EACS 2015: Sofosbuvir/ Ledipasvir for 8 Weeks Cures Most Hard-to-Treat Hepatitis C in Real Life


Most hepatitis C patients in the GECCO German hepatitis C cohort who were treated with sofosbuvir/ledipasvir (Harvoni) for 8 weeks in a real-world clinical setting achieved sustained virological response, even those who are advised to stay on treatment for 12 weeks due to factors such as liver cirrhosis, prior treatment experience, and high HCV viral load, according to a presentation last week at the 15th European AIDS Conference in Barcelona.

The advent of direct-acting antiviral agents in interferon-free regimens has brought about a revolution in hepatitis C treatment, but there is still room to improve therapy, for example making treatment shorter and offering better options for the most difficult-to-treat patients. While 12-week post-treatment sustained virological response (SVR12) rates now exceed 90% in clinical trials, real-world experience does not always match up.

Patrick Ingiliz from the Center for Infectiology in Berlin reported findings from an analysis of real-life hepatitis C treatment using DAAs in the GECCO cohort, an ongoing multicenter cohort that includes patients at 8 sites in Germany.

Short-course DAA therapy might be an attractive option to reduce treatment costs or reduce the duration of drug toxicity, the researchers noted as background.

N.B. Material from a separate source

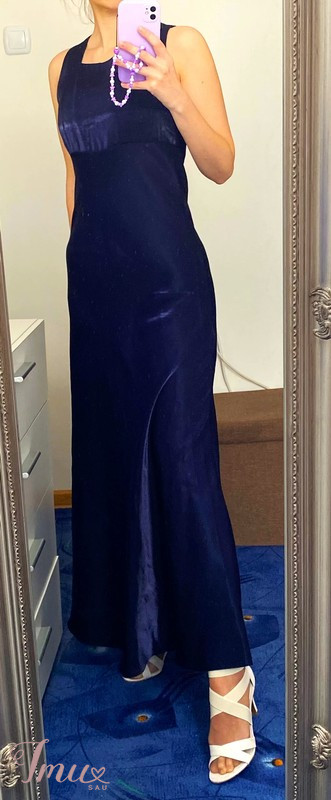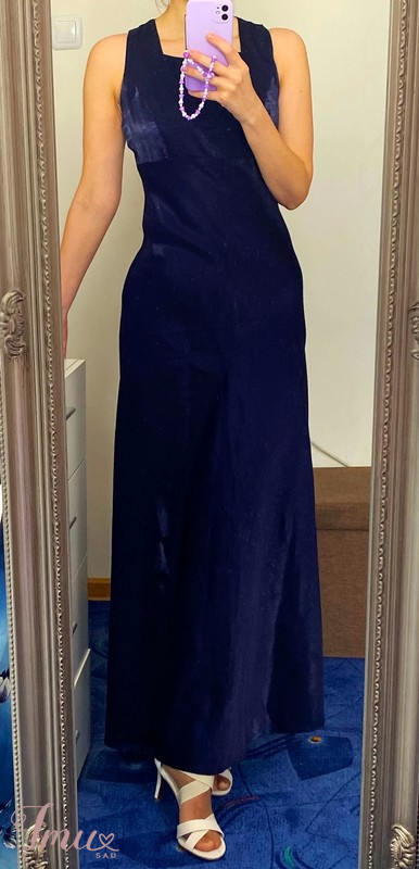 LP express, Omniva +3 €. Spalva - nuo juodos - per tamsiai mėlyną - iki violetinės, priklauso nuo apšvietimo. Krūtine - 80-85 cm, liemuo - 75-85 cm, klubai - 100-110, ilgis - 143 cm.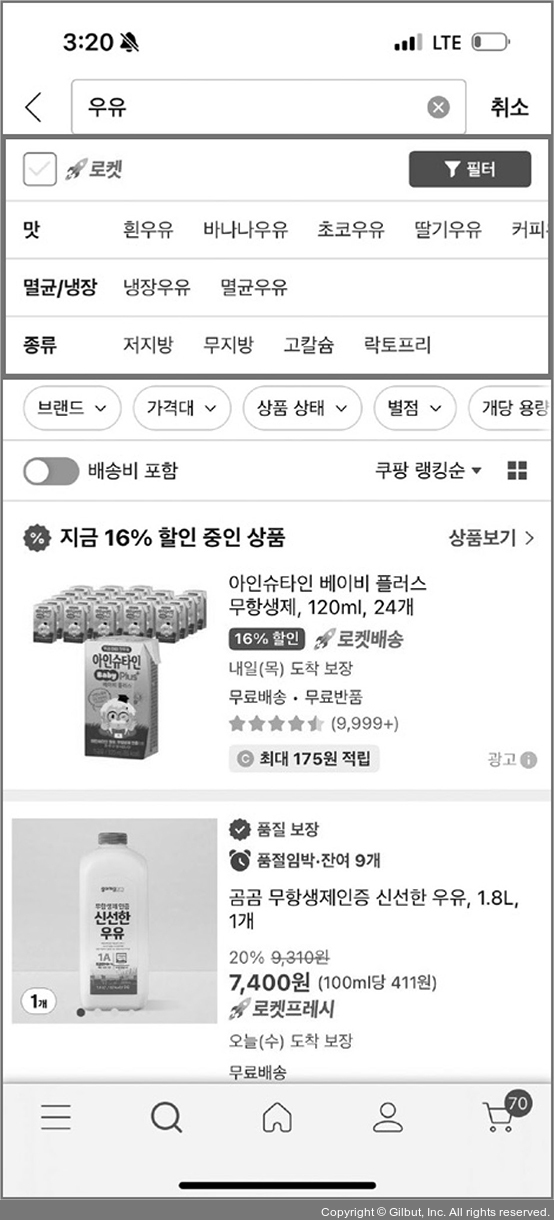 ▲ 그림 1-1 쿠팡 앱의 ‘검생 상단 노출 필터’ 예

U.S. prescribing information for Gilead Science's sofosbuvir/ledipasvir coformulation, marketed as Harvoni, states that previously untreated people with HCV genotype 1, with or without cirrhosis, and treatment-experienced patients without cirrhosis, should take sofosbuvir/ledipasvir for 12 weeks. Treatment-experienced people with cirrhosis should extend treatment to 24 weeks, while treatment-naive people without cirrhosis and low HCV viral load can consider shortening it to 8 weeks. Among non-cirrhotic treatment-naive participants in the ION-3 trial, SVR12 rates were 94% using an 8-week regimen and 96% using a 12-week regimen; people in the 8-week arm were more likely to relapse after finishing treatment.

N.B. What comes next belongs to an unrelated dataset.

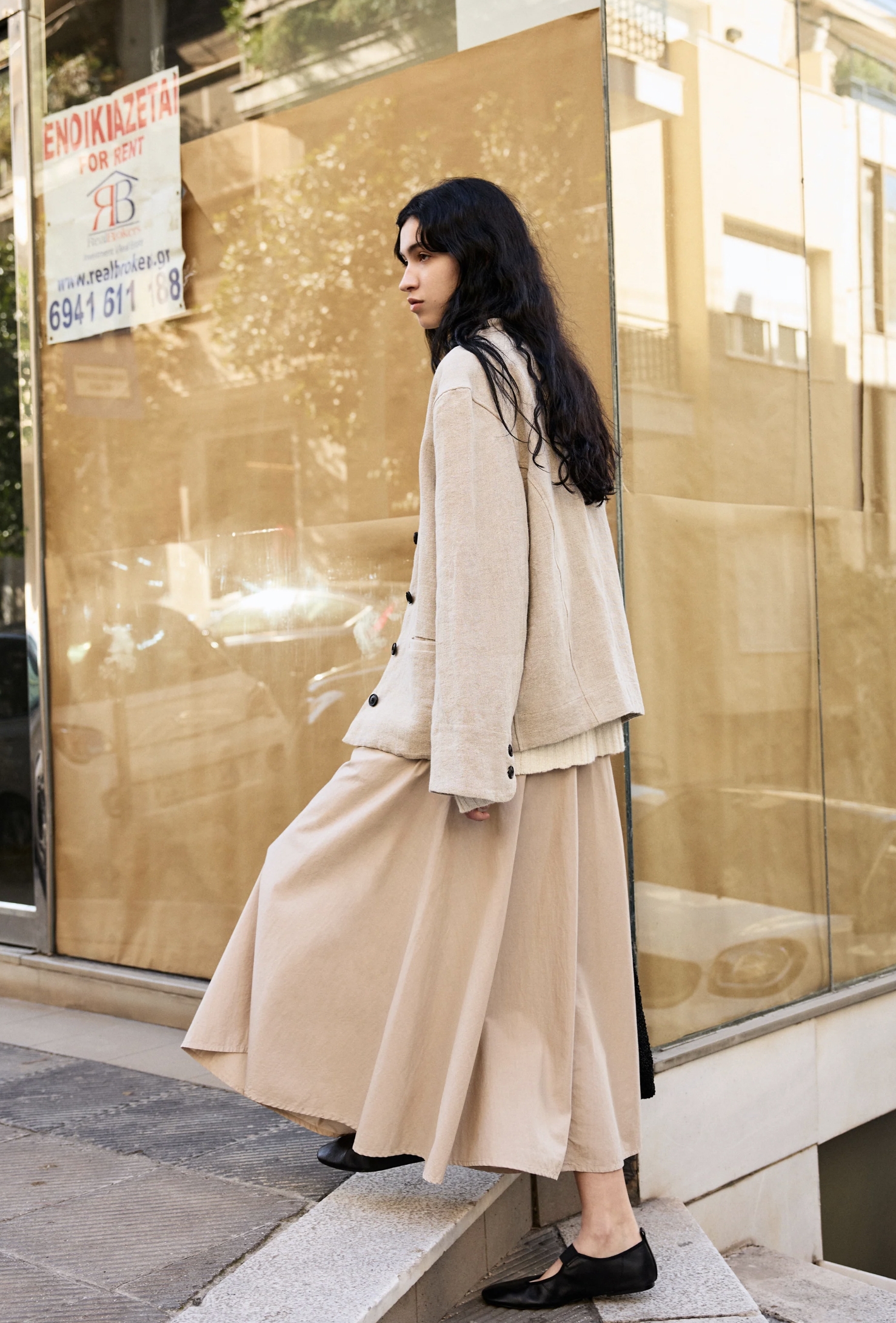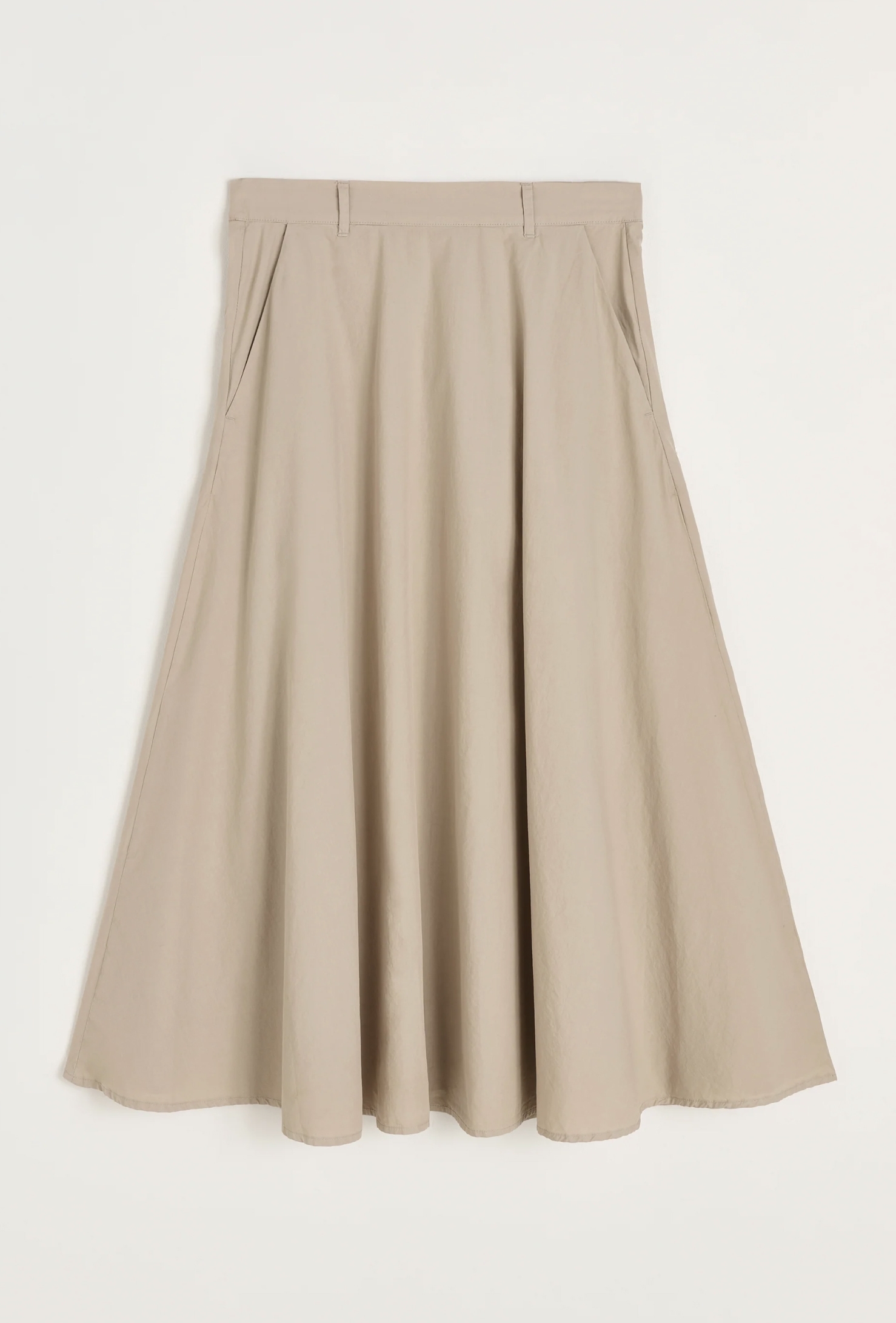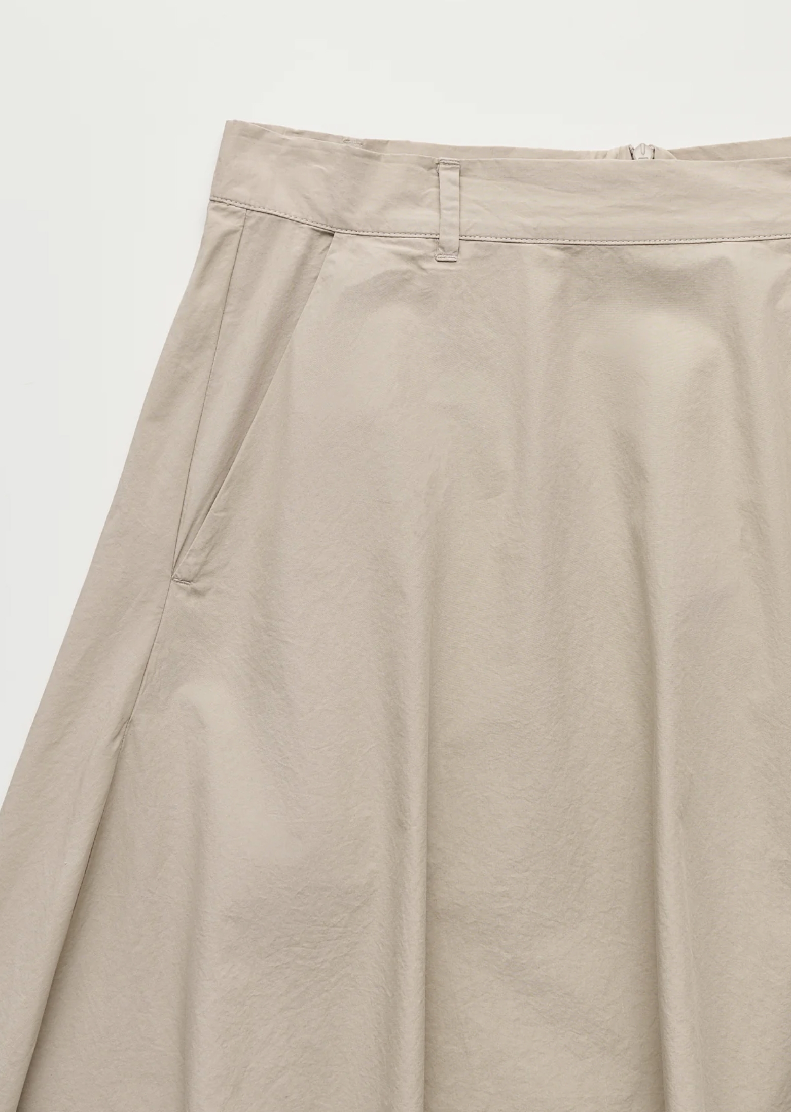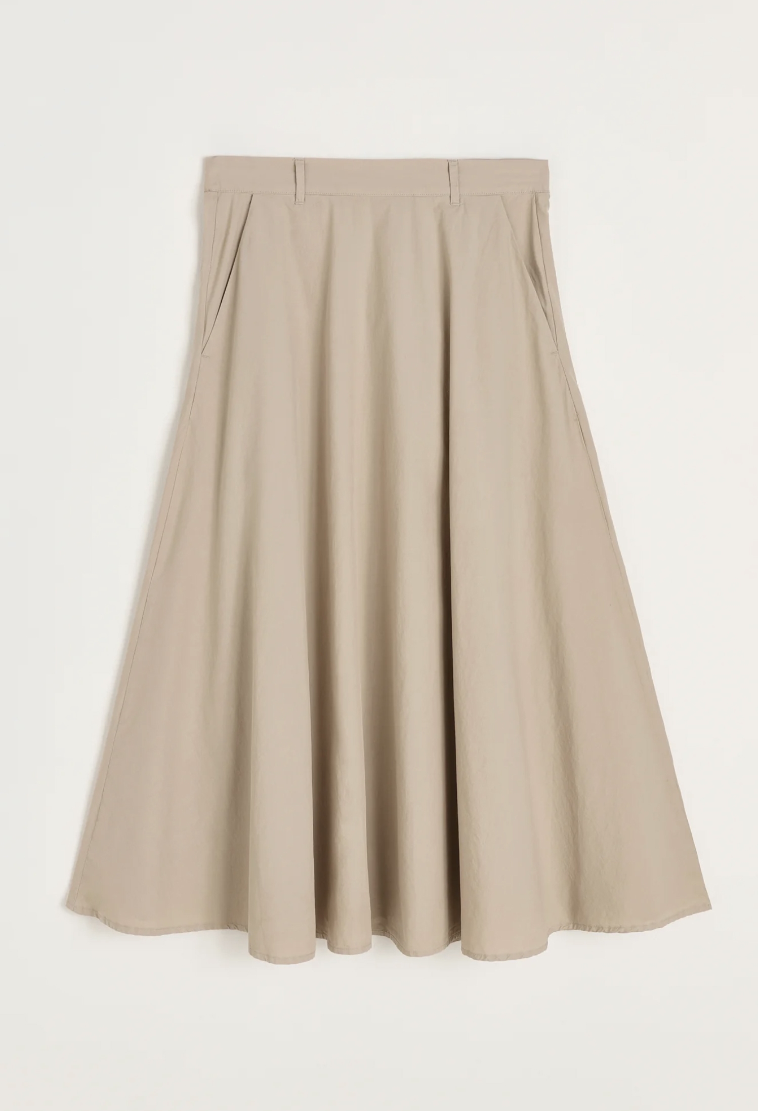 Rewelacyjna, lekka i sportowa spódnica midi wykonana z bawełny organicznej. Talia dopasowana z dyskretnym zapięciem na zamek i delikatnym krojem w kształcie litery A. Precyzyjne ukośne szwy tworzą elegancki krój jednocześnie nadając jej zamaszystości.

U.S. and European treatment guidelines also recommend sofosbuvir/ledipasvir for people with HCV genotype 4. Experts now recommend that HIV/HCV coinfected people should receive the same hepatitis C treatment regimens as those with HCV alone, after taking into account potential interactions with antiretroviral drugs.

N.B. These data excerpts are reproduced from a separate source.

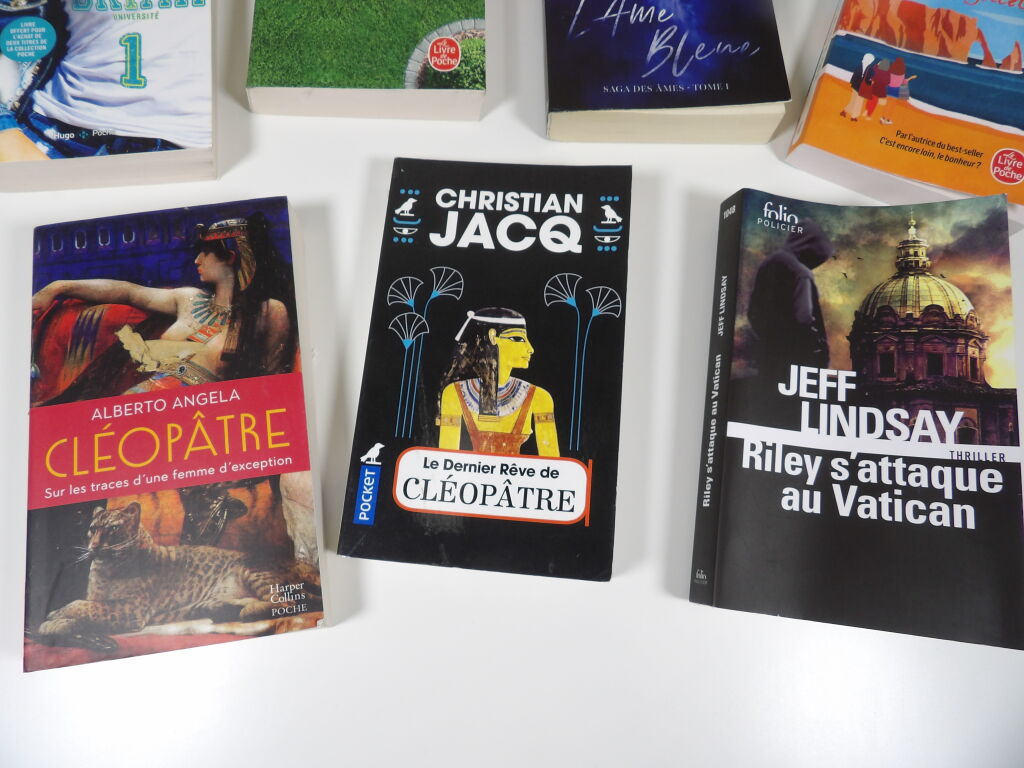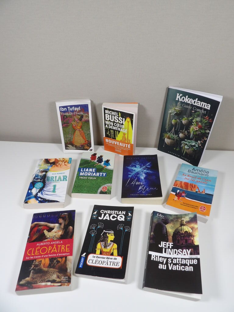 Lot de x10 livres ROMAN d'occasion : Jeff Lindsay Le Vatican, Michel BUSSI Mon coeur a déménagé, Amélie Baumann le bruit de l'eau sur les galets, Trois voeux de Liane Moriarty, Elle Kennedy...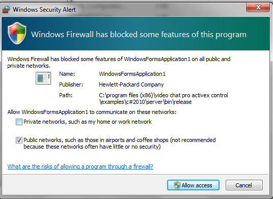Ans: We checked this issue may come window firewall , In VS2010 IDE, the window firewall will blocked, even you selected Allow access it. You must build the Server sample to exe file, then running the exe file and selected Allow access, it will work.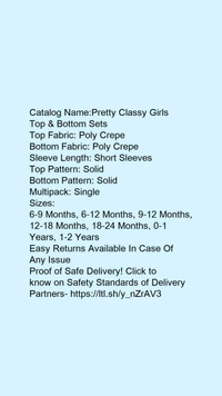 Catalog Name:*Pretty Classy Girls Top & Bottom Sets*Top Fabric: Poly CrepeBottom Fabric: Poly CrepeSleeve Length: Short SleevesTop Pattern: SolidBottom Pattern: SolidMultipack: Single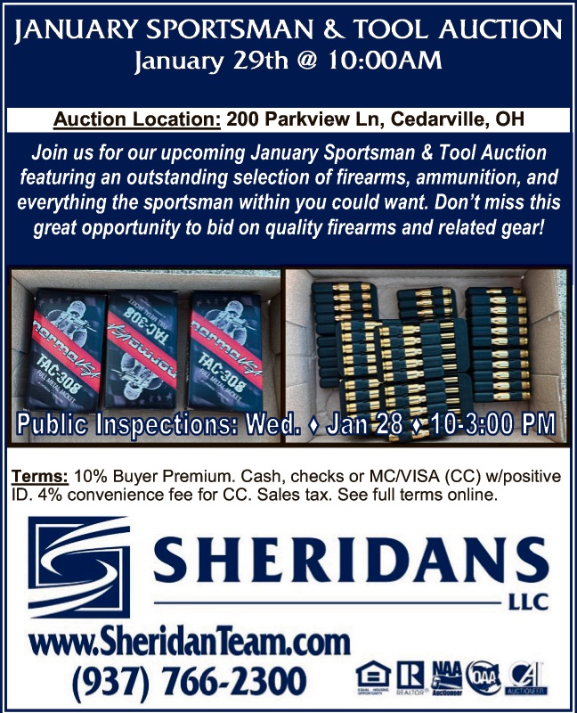 LARGE AUCTION Sunday, Jan. 18th 10:00AM Germantown, OH 101 Triangle Ct. SR 725 & 4 to behind McDonalds. Highlights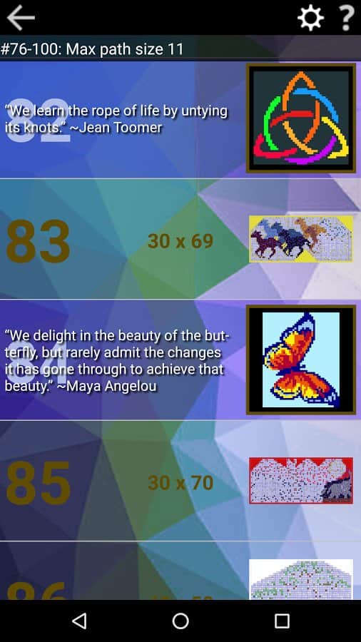 PathPix Edge – Android için heyecan verici bir bulmaca, burada zor çapraz bulmacaları çözeceksiniz. Bu oyun, Japon çapraz bulmacalarına benziyor, ama bir farkla, bu oyunda renkli bir resim elde etmek için çeşitli renkler kullanacaksınız. Bir çizgi ile bir çift numarayı birleştirin, ancak yolun uzunluğunun iki uçtaki numaraların değerine uygun olması gerektiğini unutmayın. Sayıları birbirine bağlayın ve hatayı düzeltmek için ekrana iki kez dokunun. Tüm kareler renkle doldurulduğunda, elde edilen resmi görebileceksiniz. Oyunda, yakınlaştırma ve tek parmak dokunuşu ile iki navigasyon yöntemi bulunmaktadır.

GECCO was started in February 2014 and more than 1000 patients have started interferon-free DAA treatment to date. The current analysis focused on 148 participants (13% of the total) treated with sofosbuvir/ledipasvir for 8 weeks.

In this subgroup half were men, the median age was 52 years, and a third had injection drug use as a transmission risk. Almost all (97%) had HCV genotype 1, with 2% having genotype 4. Median pre-treatment HCV viral load was 810,000 IU/mL, 18% had received prior hepatitis C treatment, and 3% had liver cirrhosis according to FibroScan or APRI biomarker scores.

The group included 28 HIV/HCV coinfected patients (19% of the total) with a median CD4 count of 531 cells/mm3. Compared to the group as a whole, coinfected participants were more likely to be men (82%), more likely to have gotten HCV via sex (50%), and more likely to have HCV genotype 4 (11%). They had lower a median HCV viral load (490,000 IU/mL) and 2 people (7%) had cirrhosis.

Ingiliz reported SVR4 rates at 4 weeks post-treatment for 105 patients who had reached this time point, as well as SVR12 results for 70 patients who had reached 12 weeks post-treatment. SVR4 is not yet considered a cure, as a small proportion of people still relapse after this point.


Based on these findings the researchers concluded, "Sofosbuvir plus ledipasvir for 8 weeks achieved excellent response rates in a German real-life setting," adding that, "HIV coinfected patients responded as well as HCV monoinfected patients."

Ingiliz noted that SVR rates were high even for participants who were treated "outside the recommendations" for this short regimen, including people with treatment experience, cirrhosis, high viral load, and genotype 4.

Asked whether these results show that sofosbuvir/ledipasvir can be used outside of current recommendations, Ingiliz replied he would not advise doing so. "Maybe from a cost perspective, but not from a virological one," he said. "People with high viral load may still need longer treatment."



P Ingiliz, S Christensen, S Mauss, et al. Sofosbuvir Plus Ledipasvir for 8 Weeks in HCV-mono- and HIV-HCV-coinfected Patients - Results from the German Hepatitis C Cohort (GECCO). 15th European AIDS Conference. Barcelona, October 21-24, 2015. Abstract PS7/5.